After controlling the reaction trend with GC-MS and LC-MS, the mixture was cooled to room temperature and filtered on celite. Most of the ethanol was evaporated at reduced pressure and the product obtained was washed with a saturated solution of sodium bicarbonate and then extracted with ethyl acetate. The organic phase was washed with water, anhydrified on sodium sulfate, filtered and evaporated to give 11.5 g of product.
GC-MS: M±=312.
Preparation of N-ethyl-N-methyl-N′-2,5-dimethyl-6-{[3(trifluoromethyl)benzyl]thio}pyridyl-3-formamidine [Compound 3].
Catalytic p-toluenesulfonic acid was added to a mixture of 11.5 g (36.8 mmoles) of 2,5-dimethyl-6-{[3 (tri-fluoromethyl)benzyl]thio}pyridyl-3-amine and 30 ml of triethylorthoformiate (184.2 mmoles). The temperature was brought to 100° C. and the reaction kept under stirring for 1 hour, controlling the reaction trend with GC-MS. The reaction mixture was then concentrated at reduced pressure, the raw product obtained was dissolved in methylene chloride (28.3 ml) and 4.6 ml of N-ethyl-N-methylamine (55.3 mmoles) were subsequently added dropwise to the reaction mixture. The mixture was kept under stirring at room temperature for 24 hours and the reaction trend was then controlled with GC-MS. The solvent was subsequently evaporated at reduced pressure and the product thus obtained was purified by silica gel chromatography, eluting with a mixture of hexane/ethyl acetate 98:2 containing 1% of triethylamine. 10.4 g of the desired product were obtained.

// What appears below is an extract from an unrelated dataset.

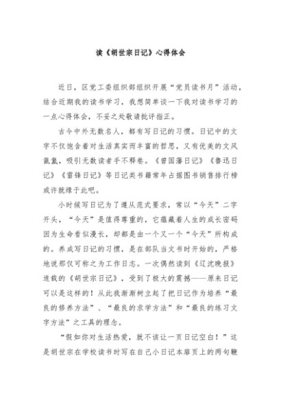 / 【七哥公文】2024年:读《胡世宗日记》心得体会+更多免费公文+VX:QiGeGongWen2024

GC-MS: M+=381 LC-MS 97.3%.
1H-NMR (CDCl3) δ=1.19 (t, 3H); 2.06 (s, 3H); 2.27 (s, 3H); 2.91 (s, 3H); 3.5 (q, 2H); 4.3 (s, 2H); 7.06 (s, 1H); 6.95-7.18 (m, 4H); 8.51 (s, 1H).
Preparation of N-ethyl-N-methyl-N′-5bromo-2-methyl-6-{[3-(trifluoromethyl)benzyl]thio}pyridyl-3-formamidine. [Compound 1].
Analogously to what is described in Examples 4, 5 and 6, 4.5 g of the desired product were obtained, starting from 7.5 g of 3-bromo-2-chloro-6-methyl-5-nitro-pyridine (29.82 mmoles) and 6.0 g of 3-(trifluoromethyl)-benzyl-1-thiol (29.82 mmoles).
GC-MS: M+=446 LC-MS 98.3%.
1H-NMR (CDCl3) δ=1.19 (t, 3H); 2.06 (s, 3H); 2.91 (s, 3H); 3.5 (q, 2H); 4.0 (s, 2H); 7.06 (s, 1H); 6.95-7.18 (m, 4H); 8.51 (s, 1H).
Preparation of 3,6-dimethyl-2-[(3-methylbenzyl)thio]-nitropyridine
[Nitroderivative having general formula (III)].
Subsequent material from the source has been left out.